I remember coming back inside crying in pain from the exertion, and seeing the long “ears” and odd face that the panty-hoes had given me, and began to laugh myself. I have never told her that I tried all day long to see her smile and hear her laugh, and I never told her that in those times I did make her smile or laugh, it was an agonizing experience for me, but like she taught me I put on a brave face. Those past experiences have made me a bitter person now, every smile or laugh I ease out of her or myself just reminds me of pain. Now that both happiness and pain are one I have no real joy in this world. Every day memories and regrets from the past cycle through my head like a broken record, wishing to put an end to it, but then knowing it would take the smiles, and laughs away forever.

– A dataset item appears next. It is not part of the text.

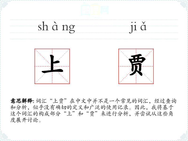 尽管“上贾”不是一个常用词汇,通过对其构成部分的分析,我们可以推测它在特定语境下可能的含义和用法。在语言学习和表达中,了解词汇的构成和可能的含义有助于丰富我们的词汇量和理解能力。
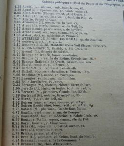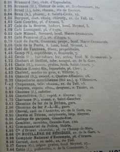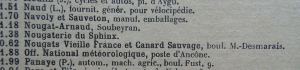 …Arnaud Soubeyran, le Sphinx et la marque Vieille France et Canard Sauvage. Ce ne sont pas les seuls puisque d’autres confiseurs sont inscrits à la lettre de leur patronyme. Vous pouvez chercher dans la liste des (environ) deux cent cinquante lignes ci-dessous. Revenons une seconde sur le document ci-dessus avec le numéro de l’Office National Météorologique situé tout près d’Ancône et de l’aérodrome qui avait été créé il y a peu. On devait composer le 1.88 pour connaître le temps qu’il allait faire. La station météo existe toujours au même endroit mais le ministère de tutelle souhaiterait bien s’en débarrasser.

I don’t know what to do anymore, I feel like a shadow cast by a former me, and the sun is slowly rising in a cloudless sky from all directions. As I type my fingers cramp and knees cry for more morphine I just can’t take, and that still isn’t enough to squelch the mildest of the pains. I know I must keep living, a felling is pushing me on, but I do not know why and where it will lead me. I do little things these days, study for me G.E.D., which I feel will accomplish nothing, play games, and write a book, I’m calling it “Last Child.” I feel…like, like butter, scraped over to much bread, a bag, caught by the wind, or a flower that will never see the sun.